Me giré hacia ella, extrañada de que insistiera, y por su expresión parecía que iba en serio. Había entrado en mi habitación y sujetaba la puerta para mí.
–Acompáñame abajo, tengo algo que contarte–me pidió.
Me levanté de mala gana y salí de la habitación. Mi madre cerró la puerta tras de sí y me siguió hasta el piso de abajo. Entré en la cocina y me senté en uno de los taburetes altos que rodeaban la isla central. Mi madre había preparado el té al estilo inglés como cada tarde, una costumbre que había adquirido cuando vino a estudiar a Londres, en la época en la que mi padre y ella se habían conocido.
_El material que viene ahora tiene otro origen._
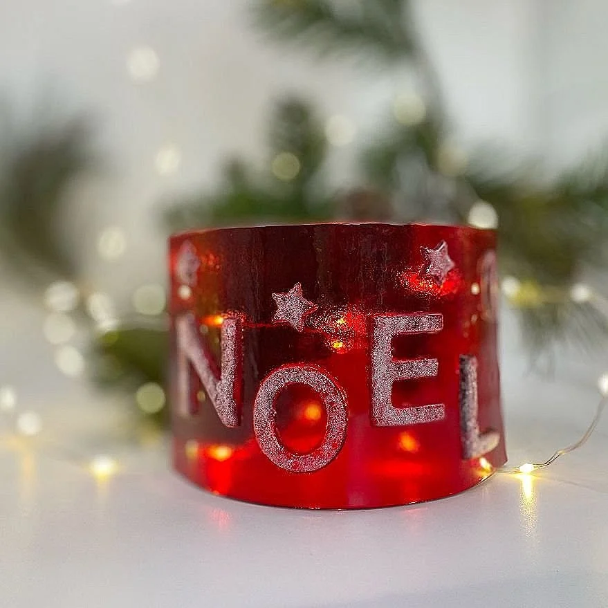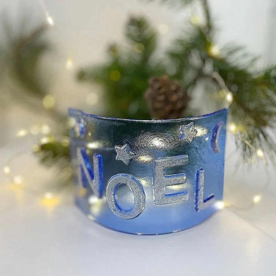 A Christmas "Noel" Candle Curve. Looks homely and Festive with a tea light or mini LEDs behind them. Letters in silver sparkle.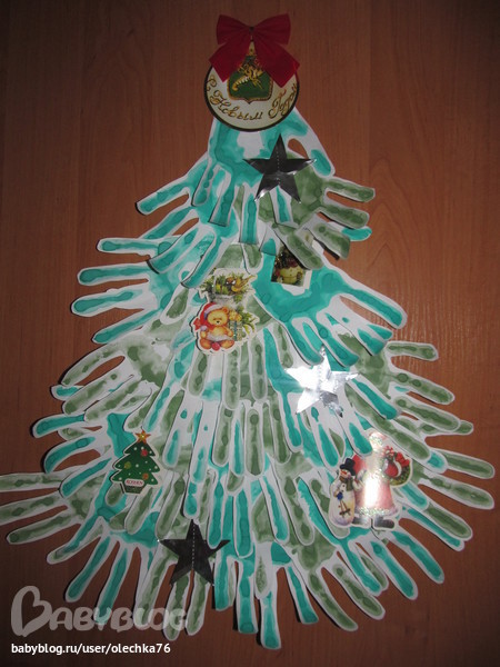 Очень понравилась елка из ладошек, которую мы с сыном решили сами сделать. Больше всего нам понравился вариант из отпечатков, сказано-сделано. Думали и Аленкины ладошки отпечатать, но перепачкались втроем настолько, что решили ограничиться моими и Лешкиными. (папа на работе, его не задействовали). Зато Аленка была в полном восторге от того , что мама и брат ходят с зелеными руками

Lo suyo debió ser un flechazo porque él lo dejó todo cuando acabaron los estudios y volvió con ella a los Estados Unidos, donde se casaron muy jóvenes. No regresaron hasta años después, cuando mi padre consiguió una cátedra en la Universidad de Oxford y se establecieron definitivamente en la ciudad.
También había servido pastas en un platito, pero obvié la comida y me quedé con los codos apoyados en la encimera de mármol y mi habitual expresión de fastidio esperando a que hablara. Mi madre comenzó a servirme una taza de té con un chorrito de leche, justo como me gustaba.
–¿Y bien?, ¿qué tenías que contarme?–pregunté, impaciente por acabar con esto y largarme.
–Nos mudamos–dijo mi madre, apoyando la tetera con cuidado sobre la bandeja y encontrándose con mi mirada.
–¿Qué?–me sorprendí.
–La próxima semana nos trasladaremos a los Estados Unidos. He aceptado un trabajo allí y ya he informado al instituto de que nos vamos–dijo.
–Siempre es agradable saber que te interesa mi opinión–dije con sarcasmo.
–Necesitamos salir de ésta y aquí no lo conseguiremos. En esta casa todo nos recuerda a tu padre y al terrible trance que hemos pasado. Tenemos que seguir adelante, es lo que él habría querido, Rebecca–me explicó, aferrándose a la encimera.
–Pero yo no quiero apartarme de su recuerdo, quiero tenerlo bien presente conmigo, día tras día. Por mucho que me arrastres lejos de aquí eso no cambiará–dije, notando cómo las lágrimas se acumulaban en mis ojos.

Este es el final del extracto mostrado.